**Work to complete**
Only one span of the material below is wanted. Output it exactly, from the line with "少しでもフレポを周回で稼いで" through the line with "SIZE AND FIT", without any pictures.

**Material shown**
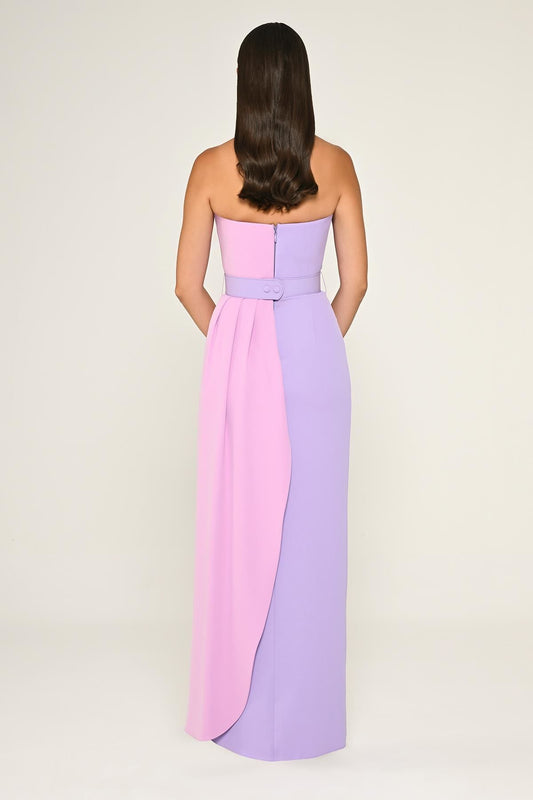 Strapless Waist Embroidered Belt Crepe Long Dress
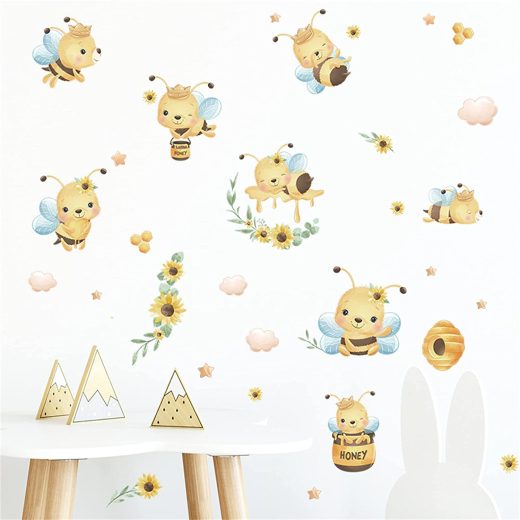 EXCELLENT MATERIAL:Our DIY bees wall sticker is made of premium PVC.This home decor is waterproof and removable. GREAT VALUE: This wall decal include 4 sheets of 11.4 x 15.7.The decoration is easy to paste and remove without harming the surface of the wall.If you use it in the correct way,this cartoon honeybee wall sticker can last for long times without peeling, wrinkling or fading.This sticker is very suitable for door,cabinet,nursery,bedroom,playroom,living room,childrens room,office,shop.It’s also a great gift for your kids,grandchildren,neighbor and friends. ENJOY IT: Come on!Add some color and fun to the life!Let’s make the room bright and lovely with these lovely bee,flower,cloud and star patterns.It’s also a good gift for your kids,friends and new neighbor.The finished size is not stationary,you can give full play to your creativity and inspiration to use these DIY stickers and enjoy it with your kids or friends. EASY TO USE: This premium decal is convenient to use.Just peel them off carefully and stick them on the smooth,clean,dry and dust-free surfaces with your hands.If there are some bubbles,you can use a scratch card to remove the bubbles or use a needle to pierce the small bubbles and smooth them, it will not affect the overall paste effect.If you find that the side of the sticker is slightly rolled up, use a hair dryer to slightly heat the adhesive and press it firmly. ATTENTION: Please check the size before buying.Make sure the wall surface is smooth,clean,dry and dust-free.When removing the wall sticker,you can use a hair dryer to heat the adhesive, and then use a knife to lift the corner of the sticker gently and peel it off slowly.Feel free to contact us if you have any questions.
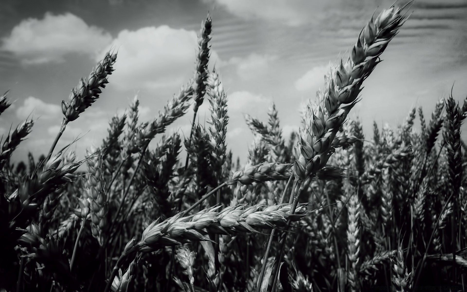 Czarno-białe tło pola przy pochmurnej pogodzie
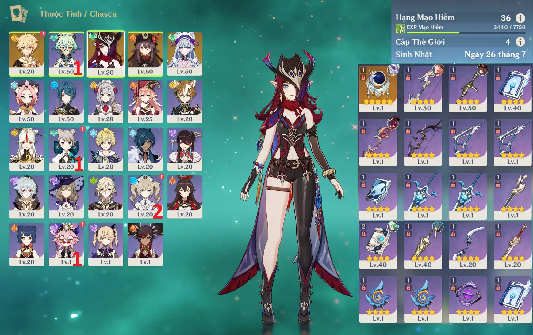 #358952 550,000đ 550,000đ AR level 36 Khu Vực asia Tướng 5* 3 Ar36 : Chasca + Hutao + Mizuki _ banner nhân vật 60/90 ( quên user ) _ map zin gần 99% Tướng : 3 Vũ khí : 1 Chi tiết
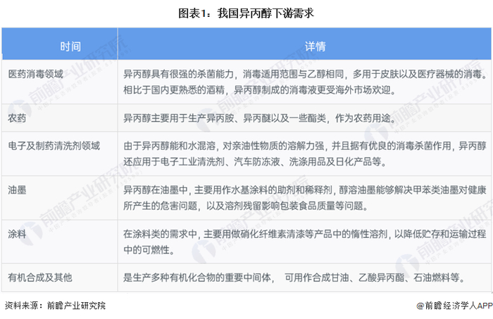 异丙醇下游需求行业较多
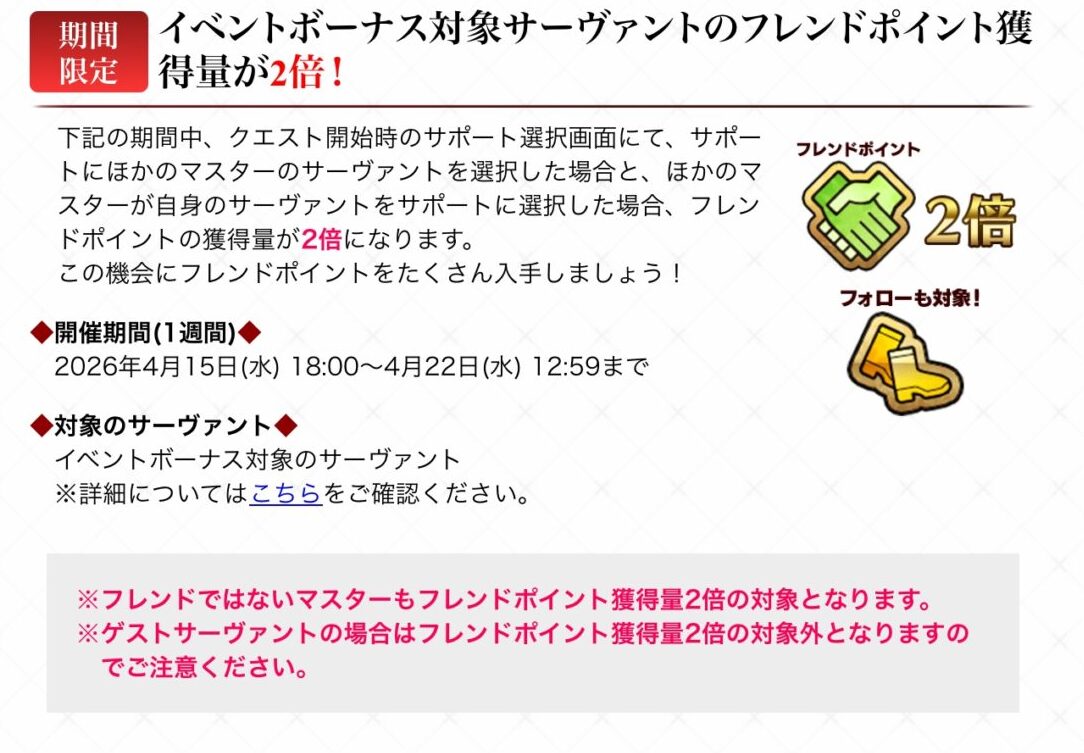 少しでもフレポを周回で稼いでいこう、と思う方は、今の期間はギルとかイシュタルとかオリオンを探しても良い…かも?しれない。
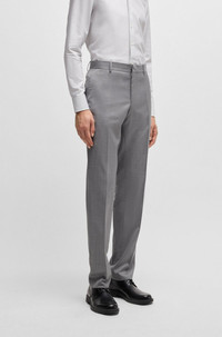 SIZE AND FIT The model wears a size 40L and is 6'2" tall with a, 37" chest, 29" waist and 37" hips. DETAILS H-Huge-2Pcs-224 - 50479561 An elegant two-piece suit by BOSS Menswear, featuring natural stretch for comfort in movement. Comprising a single-breasted jacket and slim-leg trousers, this suit is tailored to a streamlined fit for a clean and contemporary silhouette. Slim fit Notched lapels Number of buttons: 2 Welt chest pockets Pockets top: Flap pockets Button cuffs Side vent Fully lined Standard length Fit back length: 73 cm (29 inches) Pockets bottom front: French pocket Pockets bottom back: Welt pocket Fit foot width: 36,0 cm (14.2 inches) Packaging: Dust bag QUALITY & CARE INSTRUCTIONS Iron Low Heat Do Not Wash Quality: 100% Virgin wool, Lining: 65% Viscose, 35% Polyester, Sleeve lining: 100% Viscose, pocketing: 65% Polyester, 35% Cotton, knee lining: 100% Viscose Reduced Dry Clean Do Not Bleach Do Not Tumble Dry
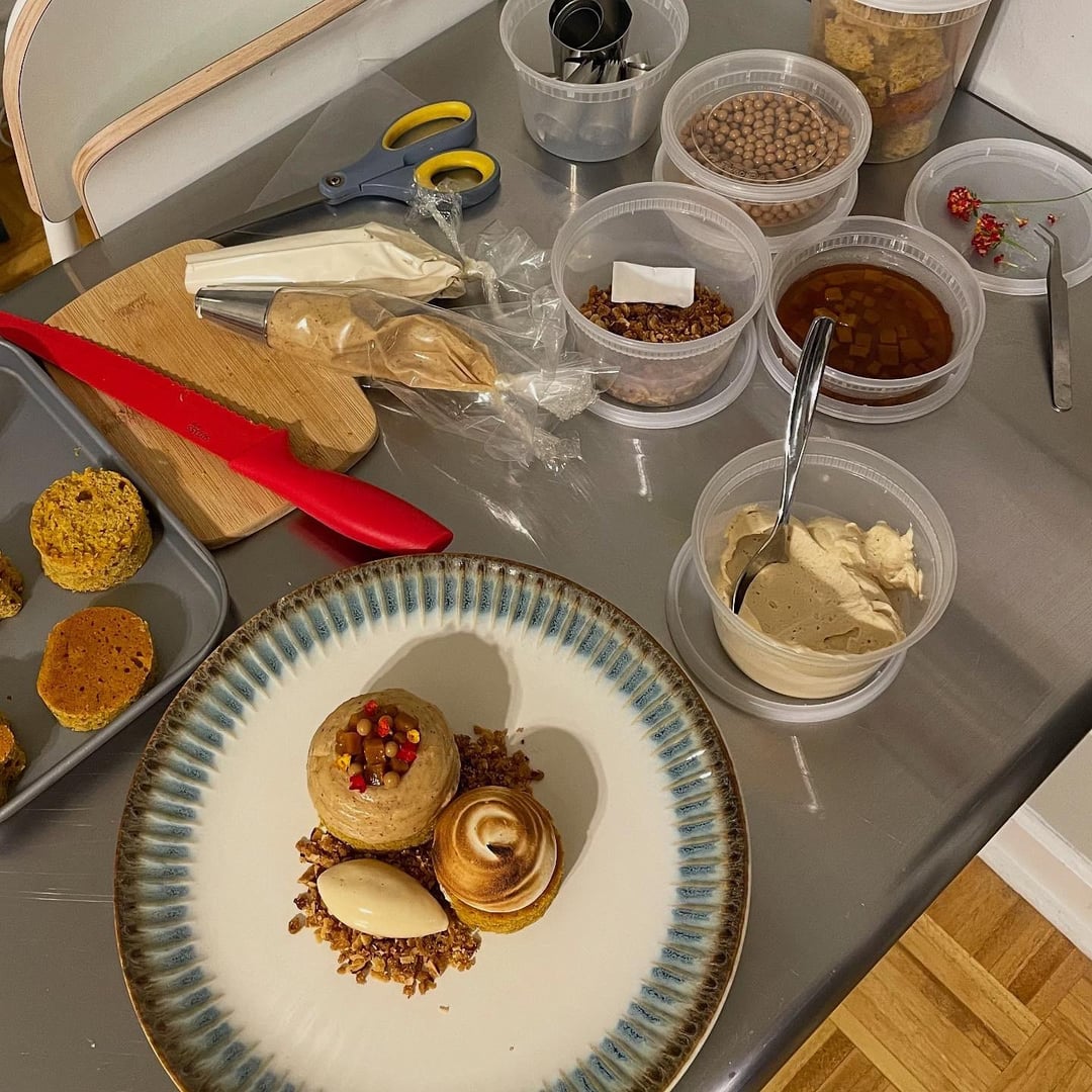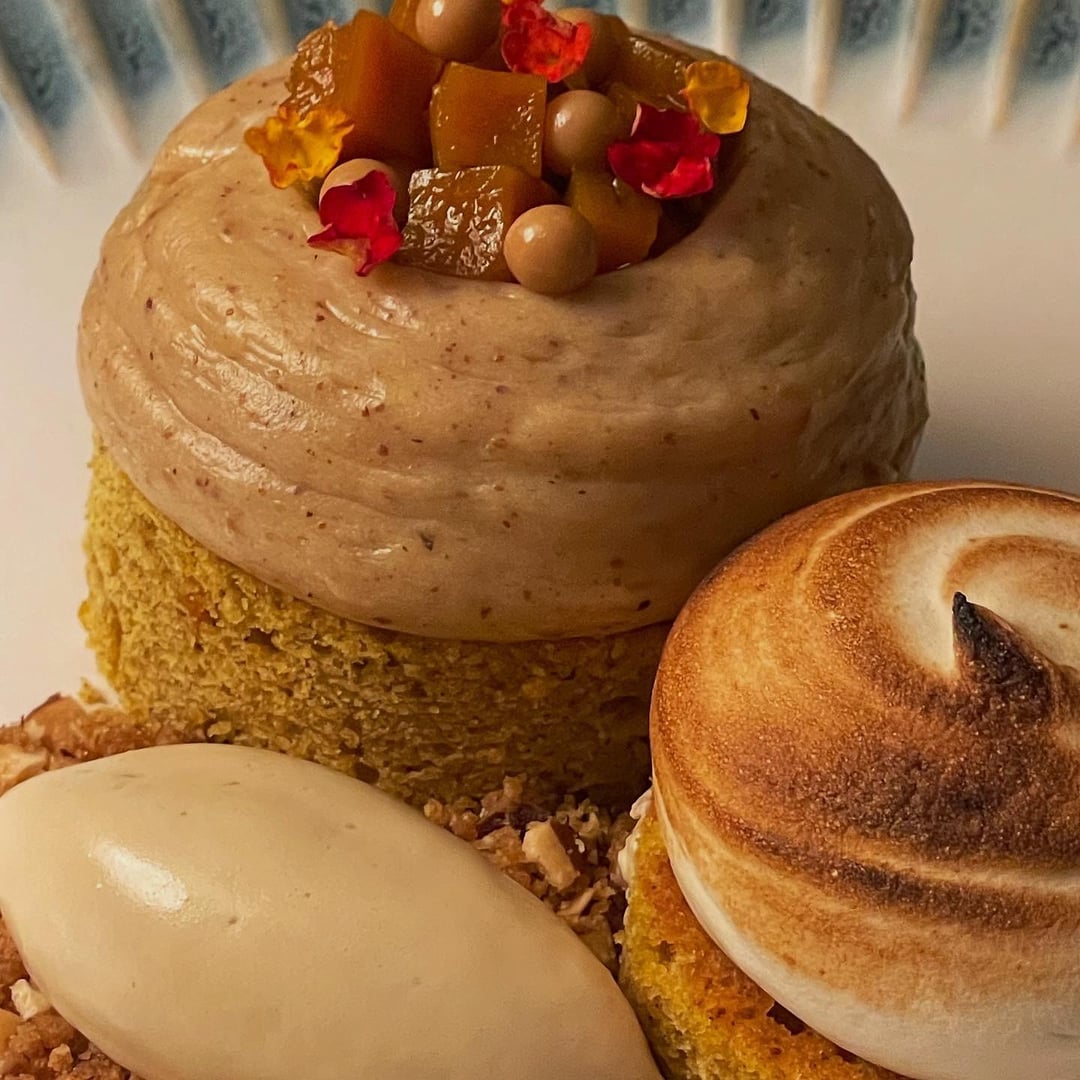 +1 on the nice plate. That said, this is an awful lot of brown and what I assume is the cremeux looks a tiny bit like, um, a turd. I’m sure this is super delicious but it’s busy and there’s just a whole lot more going on than there needs to be. It feels like two desserts plated together.
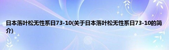 本文关于日本落叶松无性系日73-10的简介就讲解完毕,希望对大家有所帮助。

**Answer space**
 少しでもフレポを周回で稼いでいこう、と思う方は、今の期間はギルとかイシュタルとかオリオンを探しても良い…かも?しれない。
 SIZE AND FIT The model wears a size 40L and is 6'2" tall with a, 37" chest, 29" waist and 37" hips. DETAILS H-Huge-2Pcs-224 - 50479561 An elegant two-piece suit by BOSS Menswear, featuring natural stretch for comfort in movement. Comprising a single-breasted jacket and slim-leg trousers, this suit is tailored to a streamlined fit for a clean and contemporary silhouette. Slim fit Notched lapels Number of buttons: 2 Welt chest pockets Pockets top: Flap pockets Button cuffs Side vent Fully lined Standard length Fit back length: 73 cm (29 inches) Pockets bottom front: French pocket Pockets bottom back: Welt pocket Fit foot width: 36,0 cm (14.2 inches) Packaging: Dust bag QUALITY & CARE INSTRUCTIONS Iron Low Heat Do Not Wash Quality: 100% Virgin wool, Lining: 65% Viscose, 35% Polyester, Sleeve lining: 100% Viscose, pocketing: 65% Polyester, 35% Cotton, knee lining: 100% Viscose Reduced Dry Clean Do Not Bleach Do Not Tumble Dry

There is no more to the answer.